RE: request for comment: Critical Assessment of Mutant Prediction (hypothetical challenge)
It is a good idea, though you\'ll have to be careful to avoid genes for which deletion expression data is already available. We expect to be generating some related data soon that I expect we'll provide as a test set for DREAM3. This will probably take the form of expression data from three strains deleted in a single transcription factor. The challenge would be to predict the effect of double (or perhaps triple) deletions of these genes.
RE: request for comment: Critical Assessment of Mutant Prediction (hypothetical challenge)

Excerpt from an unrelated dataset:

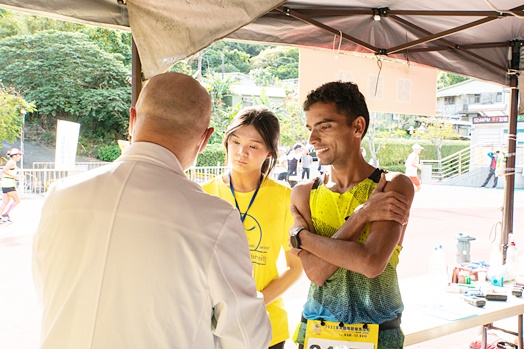 「渴了再喝就來不及啦!」高醫師強調,除了能量補給外,對於選手而言更重要的是充足的水分與鹽分。在比賽開始前,超馬醫療團隊都會為每位選手測量體重;比賽途中也會每隔四小時固定紀錄選手體重變化,若發現有體重減少超過5%的情形時,高醫師與醫療志工便會在場邊提醒選手注意水分的補充。然而,高醫師補充說道水分與鹽分的平衡很重要!水分不足會引發中暑、姿勢性低血壓等症狀,最嚴重者甚至會造成意識不清及心跳停止。而喝過多水反而會造成體內鹽分過低,導致痙攣及低血鈉的病狀。因此,他建議要計畫性的補水,並隨時注意鹽分的攝取量,降低生理風險,有益場上的發揮,更能有效減緩賽後的不良症狀。
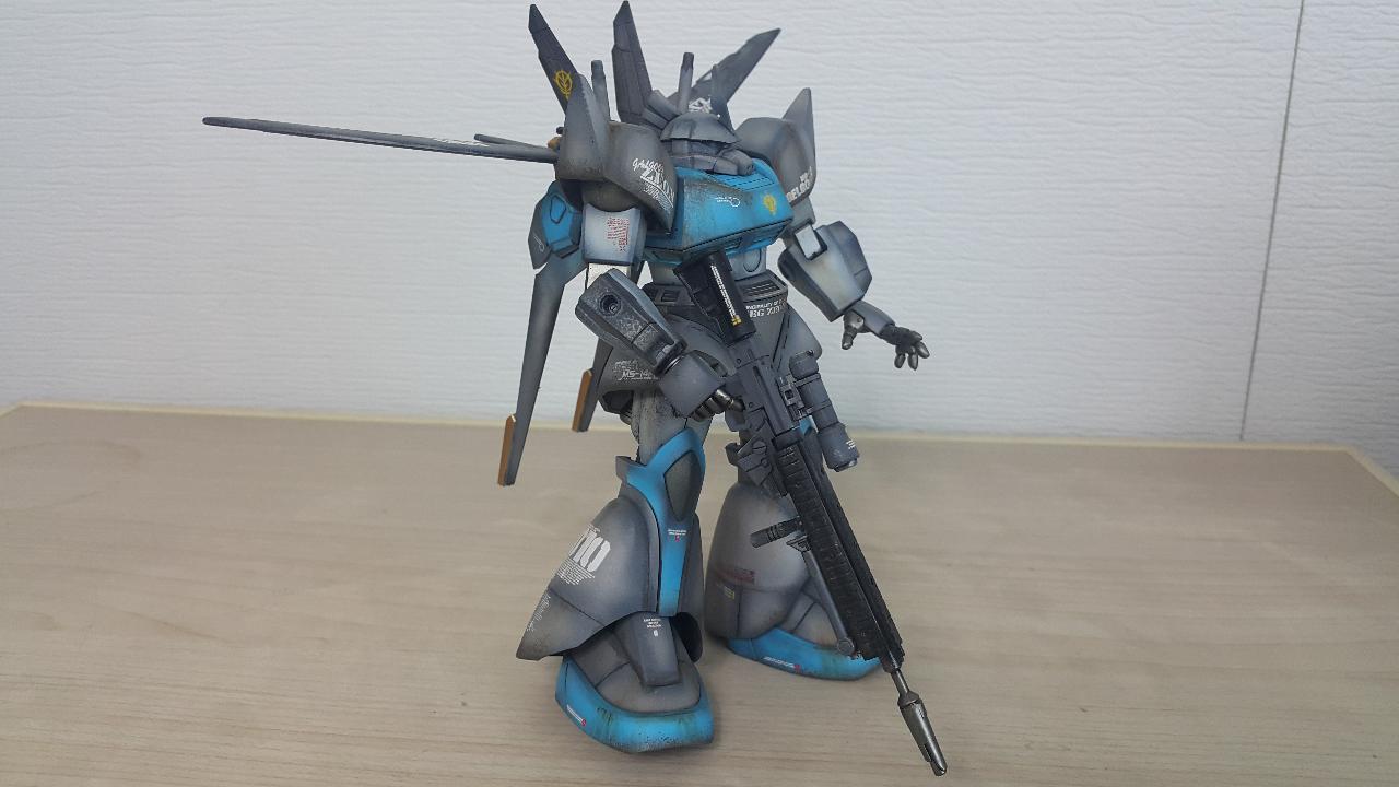 워낙 투박하게 생긴 기체라 하반신에 패널라인을 추가로 파줬습니다. 날개는 SEED Destiny 임펄스 건담 것을 사용했습니다. M16비슷하게 생긴 빔라이플은 시스템웨폰즈 시리즈를 쓰고 남은 것인데, 인터넷을 통해 확인해보니 마침 겔구그용 신형 빔라이플이었습니다.

Arlin and Harold, this is a really nice idea! I am looking forward seeing this pilot project turn into a competition like the DREAM. There are already approaches that make explicitly use of network models to infer identities of perturbations (e.g. Chemogenomic profiling on a genome-wide scale using reverse-engineered gene networks Diego di Bernardo, et al. (2005) Nature Biotechnology; 23, 377 – 383) and this CAMP would thus be a nice extension from the DREAM competition: inferring networks is one thing, being able to predict something with them is another. This could be nicely tested in the CAMP. How can we make this work? I don't know....make some training data available (to formulate a network model) and then the knock out data to see how well the network models predict them. Or let the teams find the data themselves to build a model to use in the predictions. Again, nice project, I hope you get a lot of feedback and get it going soon!
What should we predict?
(1) I agree with Pablo Verdes that the primary goal of reverse engineering is identifying the system, and not predicting data. From a black-box model that only predicts data we cannot learn much about the functioning of a biological system. Furthermore, not all reverse engineering methods construct a predictive model for the data. (2) It has been argued that since a large class of networks may be consistent with the data, reverse engineering methods should not be compared on a single network prediction. I agree, but I believe that the current format (a ranked list of link predictions) is a very good one, precisely for this reason. This list is *not* a network, and in a sense it is even wrong to interpret it as a network. Instead, the list gives for every link the estimated confidence level (e.g., the posterior probability given the data and the prior knowledge) that it is present in the gold standard network. For example, we obtained this list by combining the information contained within an ensemble of different networks that fit the data well. (3) Methods should be compared on several gold standard networks to compare their performance (at least for the in silico benchmarks, where many gold standards can easily be generated).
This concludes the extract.